• [WHAT TO WORK ON]:
Output only the lines below that start at the line containing "48시간' 허위 주장…" and end at the line containing "Ce tee-shirt est", with both ends kept.

• [RECORDS TO PROCESS]:
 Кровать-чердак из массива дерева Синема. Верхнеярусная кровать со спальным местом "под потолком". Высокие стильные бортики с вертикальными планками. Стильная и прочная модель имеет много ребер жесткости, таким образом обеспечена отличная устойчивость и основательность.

==

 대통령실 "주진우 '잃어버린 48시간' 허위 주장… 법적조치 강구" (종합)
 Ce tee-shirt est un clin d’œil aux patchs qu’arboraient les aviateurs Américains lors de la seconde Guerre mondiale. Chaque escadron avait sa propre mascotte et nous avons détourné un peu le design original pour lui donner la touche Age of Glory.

==

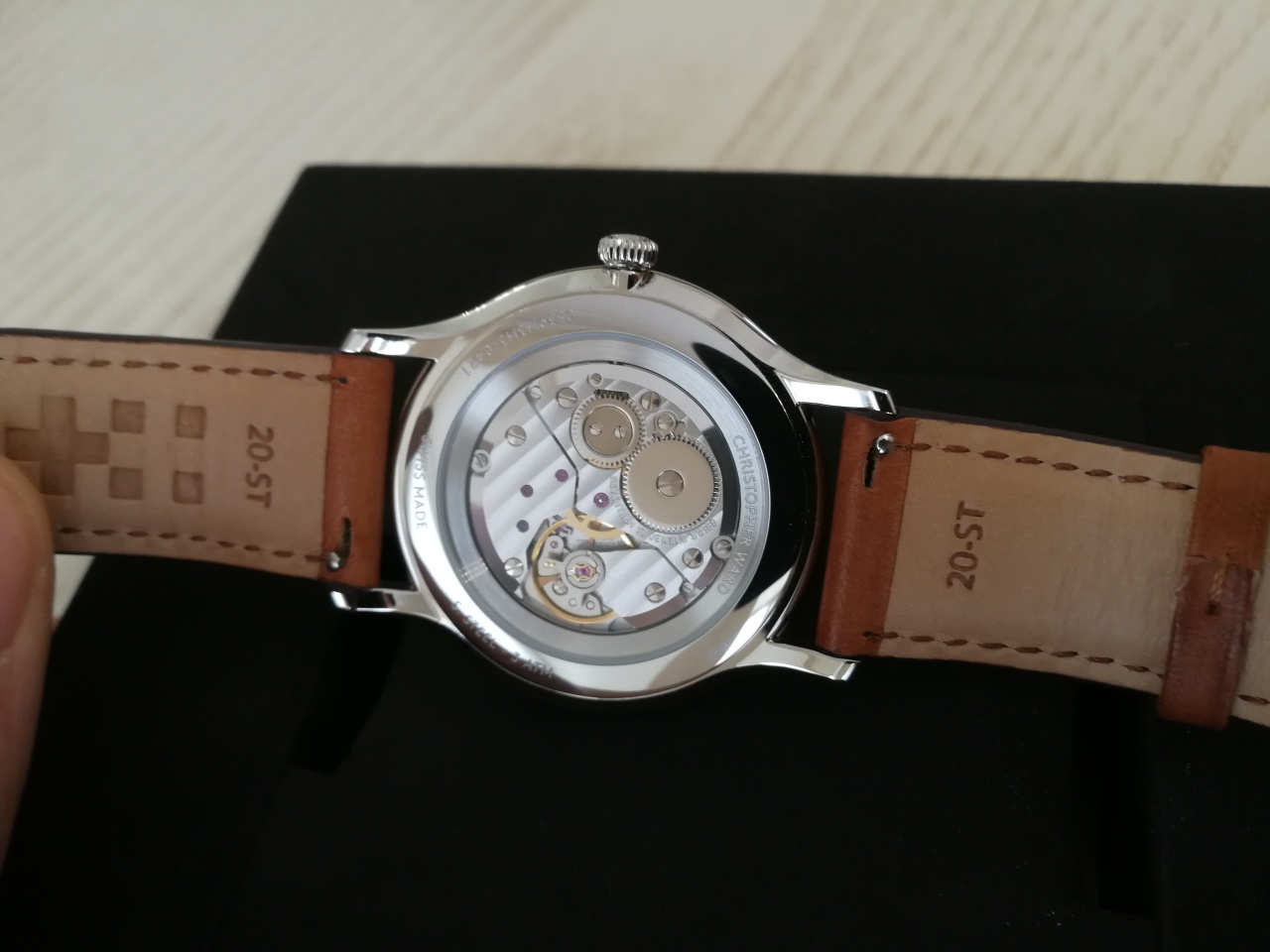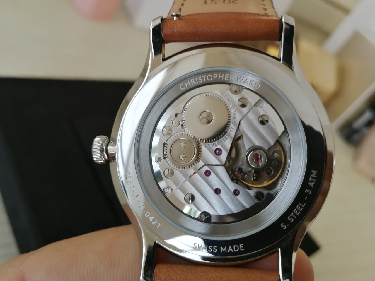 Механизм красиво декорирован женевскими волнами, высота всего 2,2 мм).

• [TASK ANSWER]:
 대통령실 "주진우 '잃어버린 48시간' 허위 주장… 법적조치 강구" (종합)
 Ce tee-shirt est un clin d’œil aux patchs qu’arboraient les aviateurs Américains lors de la seconde Guerre mondiale. Chaque escadron avait sa propre mascotte et nous avons détourné un peu le design original pour lui donner la touche Age of Glory.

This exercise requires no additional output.